What the task asks →
Give every line of the data again, unchanged, but with no pictures.

Given data →
□ □ □ □

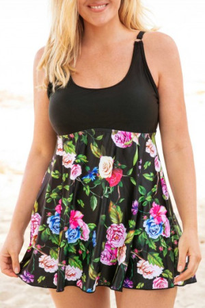 Plus Size Floral Scoop Back Swimdress & Shorts Set
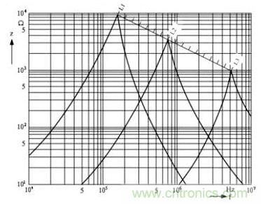 由圖中可以看出,電感線圈的阻抗開始的時候是隨著頻率升高而增大的,但當(dāng)它的阻抗增大到最大值以后,阻抗反而隨著 頻率升高而迅速下降,這是因為并聯(lián)分布電容的作用。當(dāng)阻抗增到最大值的地方,就是電感線圈的分布電容與等效電感產(chǎn)生并聯(lián)諧振的地方。圖中,L1 > L2 > L3,由此可知電感線圈的電感量越大,其諧振頻率就越低。從圖2中可以看出,如果要對頻率為1MHZ的干擾信號進行抑制,選用L1倒不如選用L3,因為 L3的電感量要比L1小十幾倍,因此L3的成本也要比L1低很多。
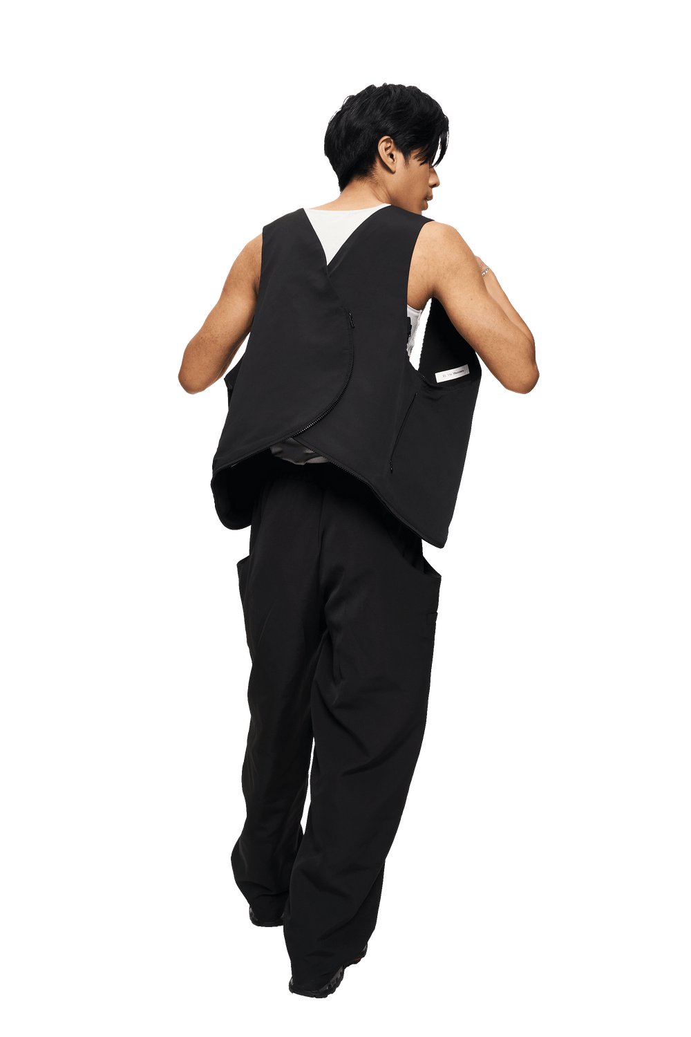 Introducing the Crescent Tote Vest: Transition seamlessly from a utility vest to a spacious tote, adapting to the urban pace and your evolving needs. Made from 100% deadstock fabric, it gives new life to materials that would otherwise end up in landfills. Limited quantities available.
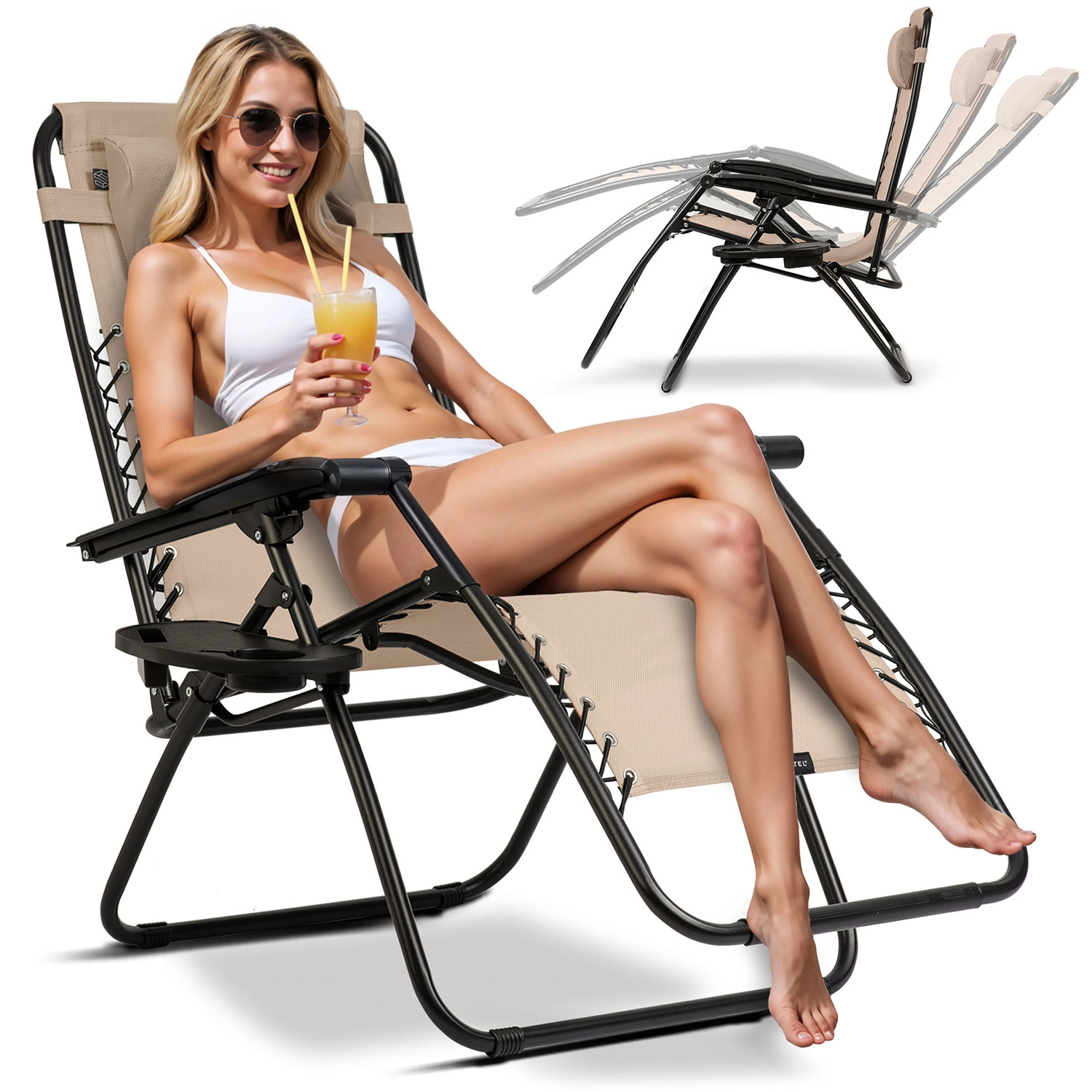 Praktična stranska mizica z držali za pijačo in telefon poskrbi, da imate vse potrebno pri roki. Lahka, a čvrsta konstrukcija se zlahka zloži in v zloženem stanju zavzame malo prostora – idealno za balkon, teraso, vrt, ob bazenu in za kampiranje.

□ □ □ □

Solved problem →
 Plus Size Floral Scoop Back Swimdress & Shorts Set
 由圖中可以看出,電感線圈的阻抗開始的時候是隨著頻率升高而增大的,但當(dāng)它的阻抗增大到最大值以后,阻抗反而隨著 頻率升高而迅速下降,這是因為并聯(lián)分布電容的作用。當(dāng)阻抗增到最大值的地方,就是電感線圈的分布電容與等效電感產(chǎn)生并聯(lián)諧振的地方。圖中,L1 > L2 > L3,由此可知電感線圈的電感量越大,其諧振頻率就越低。從圖2中可以看出,如果要對頻率為1MHZ的干擾信號進行抑制,選用L1倒不如選用L3,因為 L3的電感量要比L1小十幾倍,因此L3的成本也要比L1低很多。
 Introducing the Crescent Tote Vest: Transition seamlessly from a utility vest to a spacious tote, adapting to the urban pace and your evolving needs. Made from 100% deadstock fabric, it gives new life to materials that would otherwise end up in landfills. Limited quantities available.
 Praktična stranska mizica z držali za pijačo in telefon poskrbi, da imate vse potrebno pri roki. Lahka, a čvrsta konstrukcija se zlahka zloži in v zloženem stanju zavzame malo prostora – idealno za balkon, teraso, vrt, ob bazenu in za kampiranje.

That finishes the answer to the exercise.